The new BigDaddy data center contains new code for examining and sorting the Web, and once it has been tested fully, will become the default source for Web results, according to Yahoo!’s chief search engineer Matt Cutts. In a January 6 post on his blog, Cutts said that might happen in early February or March of this year.
But what is BigDaddy intended to do? According to Rob Sullivan, head organic search strategist at search marketing firm Enquiro, “If an algorithm update is like putting new tires on a car or installing a new stereo system, this BigDaddy is like putting in a whole new motor. They’re totally revamping how Google works and resolving some long-standing issues with getting sites indexed properly.”
One of those issues is “canonicalization”. That’s a fancy Google word for instructing a search engine how to decide which of a series of related URLs is the proper one to insert into the Google index. Say your Web site has a number of different home page URLs, including “stuff.com”, “www.stuff.com”, www.stuff.com/index.html” and “stuff.com/home.asp”. This can come about because Web servers are often set up to accept aliases for Web pages, and to know that a request for “stuff.com” means someone’s looking for “www.stuff.com”. That’s a concession to users who get tired of getting error messages when they don’t type in “www”.

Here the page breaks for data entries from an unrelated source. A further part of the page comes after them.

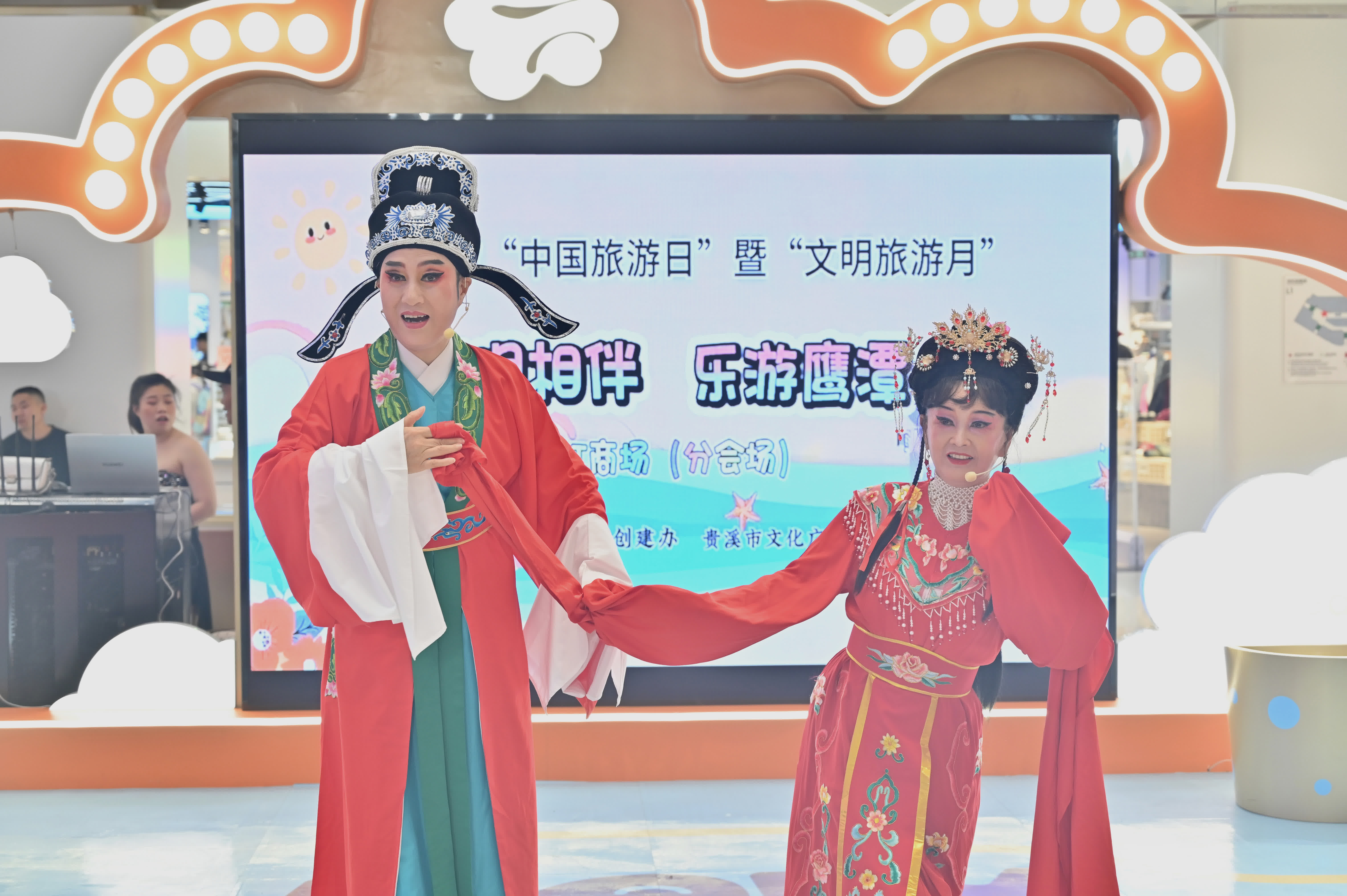 在貴溪市天虹購物商場,一個個精彩的節目輪番上演。舞蹈、話劇、魔術表演、歌曲等巧妙融入了貴溪本地文化特色,獲得了在場群眾的陣陣歡呼。表演中穿插的文明旅遊知識有獎競猜活動,在與現場群眾的互動問答中將現場的氣氛推向了高潮。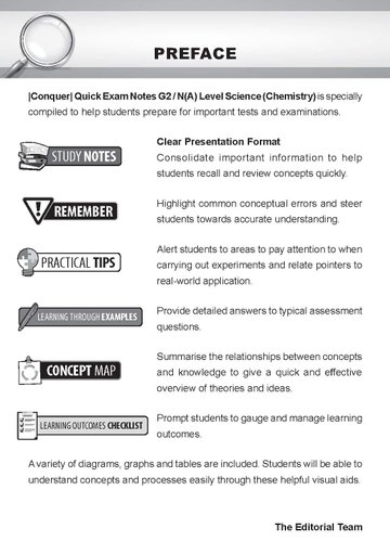 Conquer QUICK EXAM NOTES G2 / N(A) LEVEL SCIENCE (CHEMISTRY)) series is specially compiled to help students prepare for important tests and examinations.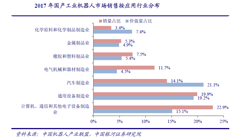 雖然 2018 年我國(guó)工業(yè)機(jī)器人的部署密度(140 臺(tái)/萬(wàn)名工人)已超過世界平均水平(99 臺(tái)/萬(wàn)名工人),但與日韓德等先進(jìn)制造國(guó)家的部署密度仍存在較大差距。從國(guó)產(chǎn)工業(yè)機(jī)器人銷售情況看,大部分機(jī)器人都應(yīng)用于汽車制造,計(jì)算機(jī)、通信電子設(shè)備制造,與其他各國(guó)情況較為一致。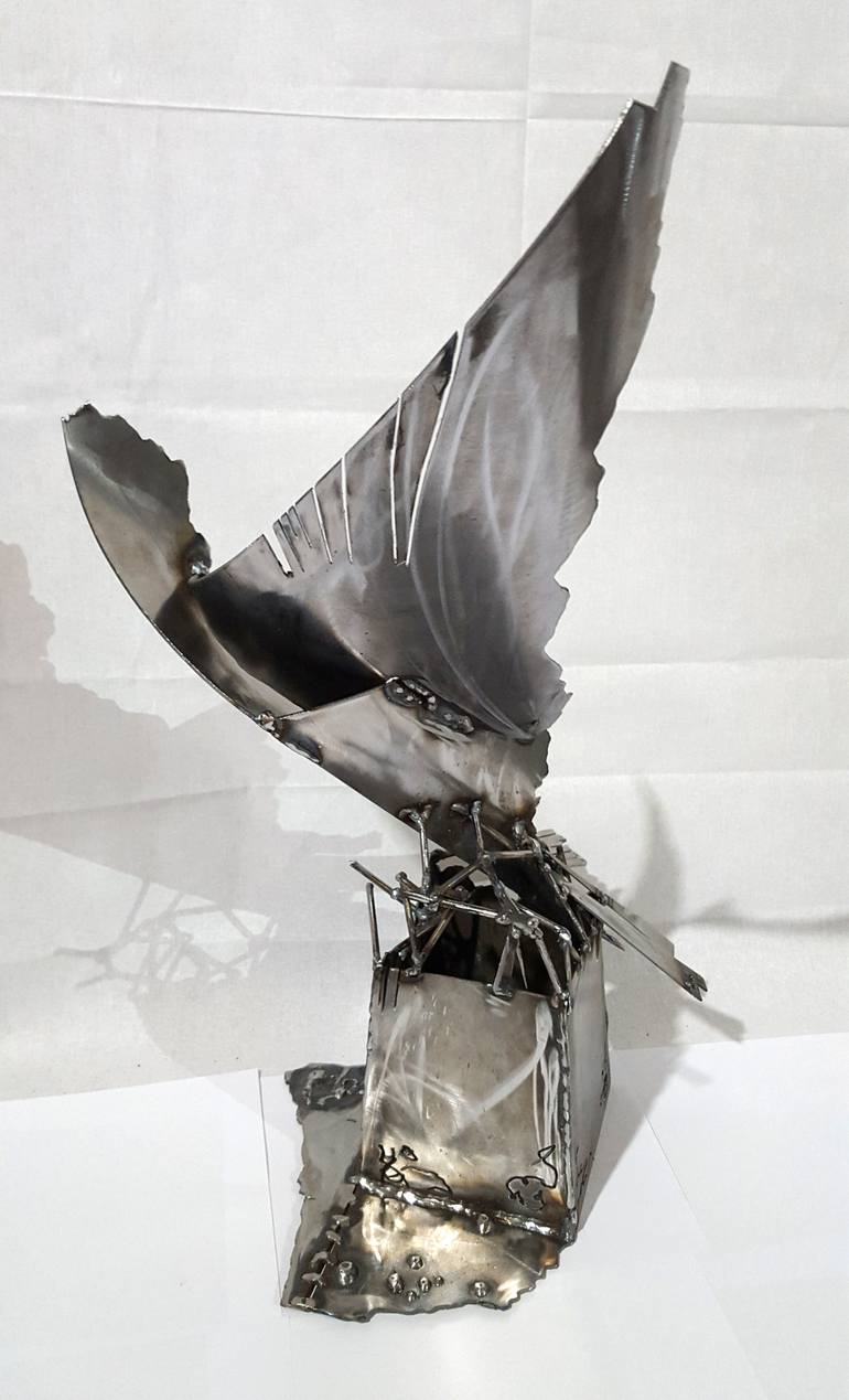 Frame from an ethernal flight 1 unique iron welding sculpture aprox . 40 x 40 x 50 cm signed December 2018 varnished with special protection to preserve all the welding effects and reflections will be sent with authenticity certificate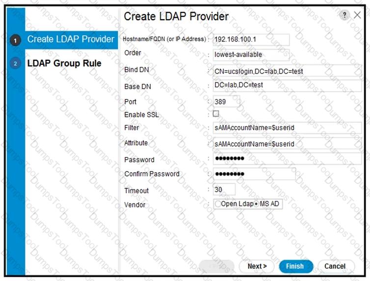 Refer to the exhibit. A network engineer configures an authentication domain through an LDAP provider on the Cisco UCS Manager for users from different companies to log into their respective organizations created in the UCS Manager. The engineer tests the configuration and notices that any user has login access to any organization in the UCS Manager. Which action should be taken to resolve the issue?

The problem is that while these URLs may pull up the same page content, they’re technically four different pages. That could skew the page count Google gets for the Web site, so that a site with 1000 pages and two aliases per page might look twice its real size to Google.
It’s also possible that those aliases could inadvertently contain different content or different incoming links. In that case the Google index, which looks at the value of the content and the quality of the links, could give those four pages different rankings.
Finally, a Google search that turns up multiple entries for what is essentially the same content makes the results page that much less valuable to users. Better to select one of the URLs as the most representative and make room for other results.
“If you want to go to the Seattle Seahawks page on the NFL Web site, you’ll get this long, horrendous URL,” Sullivan says. “But the site also has another URL that’s just ‘Seattle Seahawks’. It pulls the content from the first page and just displays it under a prettier URL. So Google wants to be able to say that second page is the one people really want, and they’ll attribute all the traffic, links and value to the shorter URL.”
BigDaddy is also intended to provide a solution to another long-standing Google problem: that of illicit redirects, known as “302 redirects”. Nefarious Webmasters can “hijack” a page by replacing the pages that should come up in a search with a virtual page that masquerades under the URL for the correct page. The searcher sees the correct result, but when clicked on, the listing can redirect the searcher to any page the hijacker wants—including adult content or false storefronts set up to capture personal information. If a Web site suffers enough hijackings, Google will consider all the pages contaminated and drop it from the index.
“302 redirects are a big hole in the system,” Sullivan says. “People are using 302 redirects to hijack content and pages and many other things. By fixing this, Google will be eliminating a lot of problems.”
Of course, how BigDaddy will fix these issues is a closely held secret. As with many other questions surrounding the compiling and ranking of its index, Google refuses to be specific for fear that too much information will only teach the bad guys how to get around the system.
And there’s something else new about BigDaddy. While search optimizers often know where to find a Google testing data center and have usually tried to go there to see how the pages they’re working on are being searched and indexed, those IP addresses change often, even in a day.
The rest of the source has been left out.